PROMPT: All pictures are to be skipped; retype only the lines from the top of the entries through the line with "Em seguida, crie", both included.

Stored data entries:
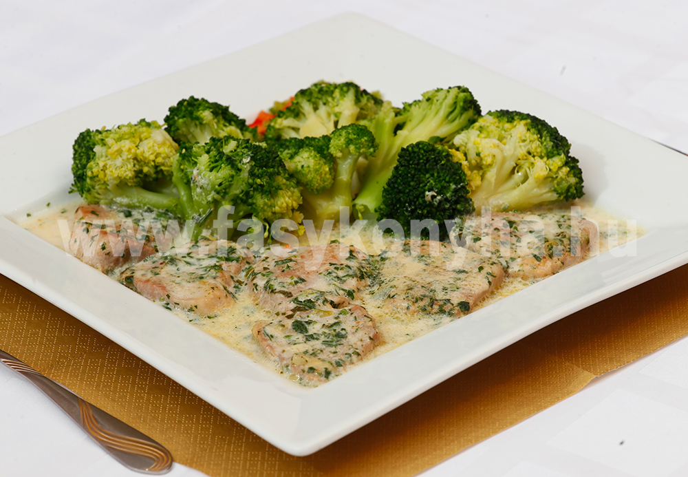 A szűzérmét sóval, borssal bedörzsöljük, alufóliára rakjuk, olajjal meglocsoljuk, azután becsomagoljuk. 200 ⁰C-os előmelegített sütőben, kb. 25 percig sütjük. Ezt követően a fóliából kicsomagoljuk, puhára sütjük és félrerakjuk. A brokkolit rózsákra szedjük, enyhén sós vízben megfőzzük, majd vajban megpároljuk. A lisztet vajon felhevítjük, hozzáadjuk a finomra vágott petrezselyemzöldjét, a felkarikázott fokhagymát, tejjel felöntjük, sóval, borssal ízesítjük és krémesre főzzük. A petrezselymes mártásba belerakjuk a szeletekre vágott sült húst és egy forralás után a párolt brokkoli rózsákkal esztétikusan tálaljuk.
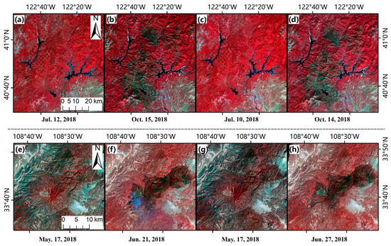 Satellite images visualized as false color composites (Near Infrared-Red-Green): (a) pre-fire Sentinel−2 image on July 12, 2018, (b) post-fire Sentinel−2 image on October 15, 2018, (c) pre-fire Landsat 8 image on July 10, 2018 and (d) post-fire Landsat 8 image on October 14, 2018 in northern California site; (e) pre-fire Sentinel−2 image on May 17, 2018, (f) post-fire Sentinel−2 image on June 21, 2018, (g) pre-fire Landsat 8 image on May 17, 2018 and (h) post-fire Landsat 8 image on June 27, 2018 in western New Mexico site. Burned areas tend to be black after fires.
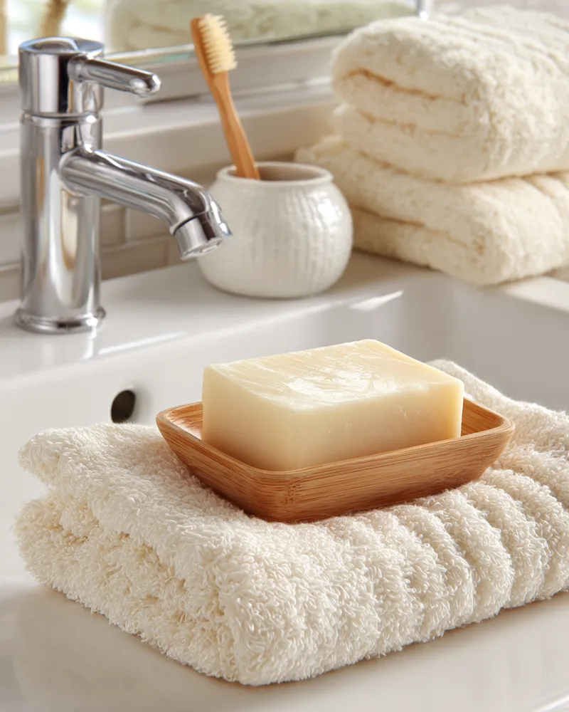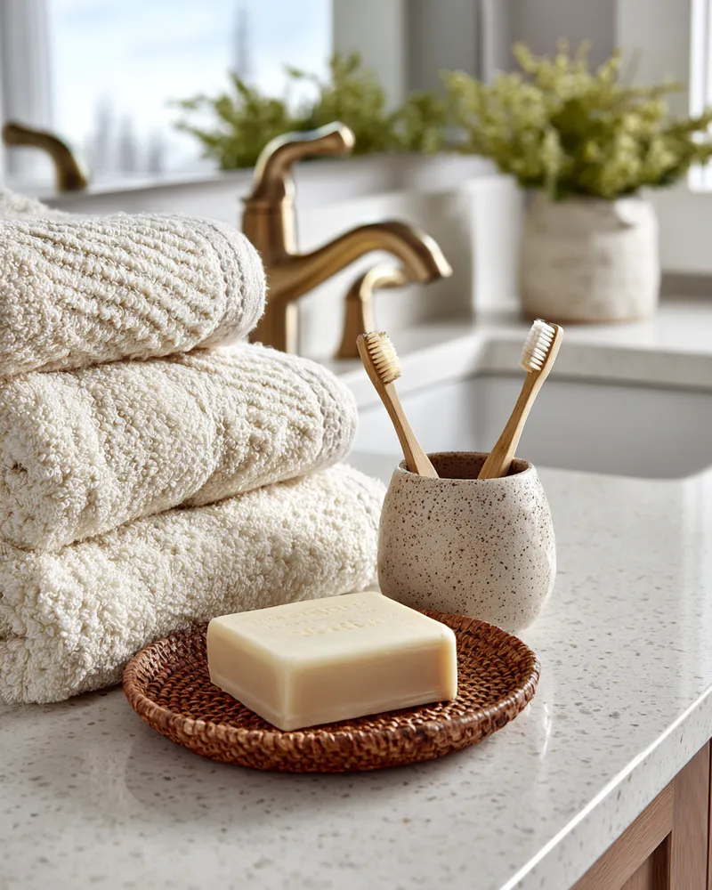 2. **Natural Materials:** Use bamboo shelving, wooden accents, or stone-look tiles.
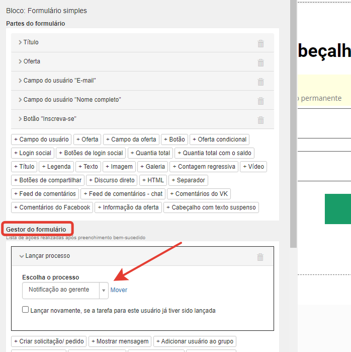 Em seguida, crie uma página com o formulário de inscrição; na ferramenta de formulário, especifique o processo que criou:
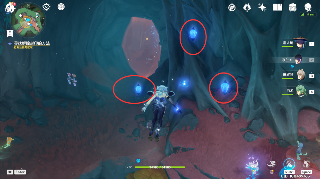 4.寻找解除封印的方法:使用普攻键瞄准攻击接触三个机关。
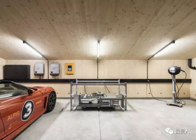 融入大山中的瑞士罗维奥的太阳能车库:

ANSWER TO THE PROBLEM:
 A szűzérmét sóval, borssal bedörzsöljük, alufóliára rakjuk, olajjal meglocsoljuk, azután becsomagoljuk. 200 ⁰C-os előmelegített sütőben, kb. 25 percig sütjük. Ezt követően a fóliából kicsomagoljuk, puhára sütjük és félrerakjuk. A brokkolit rózsákra szedjük, enyhén sós vízben megfőzzük, majd vajban megpároljuk. A lisztet vajon felhevítjük, hozzáadjuk a finomra vágott petrezselyemzöldjét, a felkarikázott fokhagymát, tejjel felöntjük, sóval, borssal ízesítjük és krémesre főzzük. A petrezselymes mártásba belerakjuk a szeletekre vágott sült húst és egy forralás után a párolt brokkoli rózsákkal esztétikusan tálaljuk.
 Satellite images visualized as false color composites (Near Infrared-Red-Green): (a) pre-fire Sentinel−2 image on July 12, 2018, (b) post-fire Sentinel−2 image on October 15, 2018, (c) pre-fire Landsat 8 image on July 10, 2018 and (d) post-fire Landsat 8 image on October 14, 2018 in northern California site; (e) pre-fire Sentinel−2 image on May 17, 2018, (f) post-fire Sentinel−2 image on June 21, 2018, (g) pre-fire Landsat 8 image on May 17, 2018 and (h) post-fire Landsat 8 image on June 27, 2018 in western New Mexico site. Burned areas tend to be black after fires.
 2. **Natural Materials:** Use bamboo shelving, wooden accents, or stone-look tiles.
 Em seguida, crie uma página com o formulário de inscrição; na ferramenta de formulário, especifique o processo que criou:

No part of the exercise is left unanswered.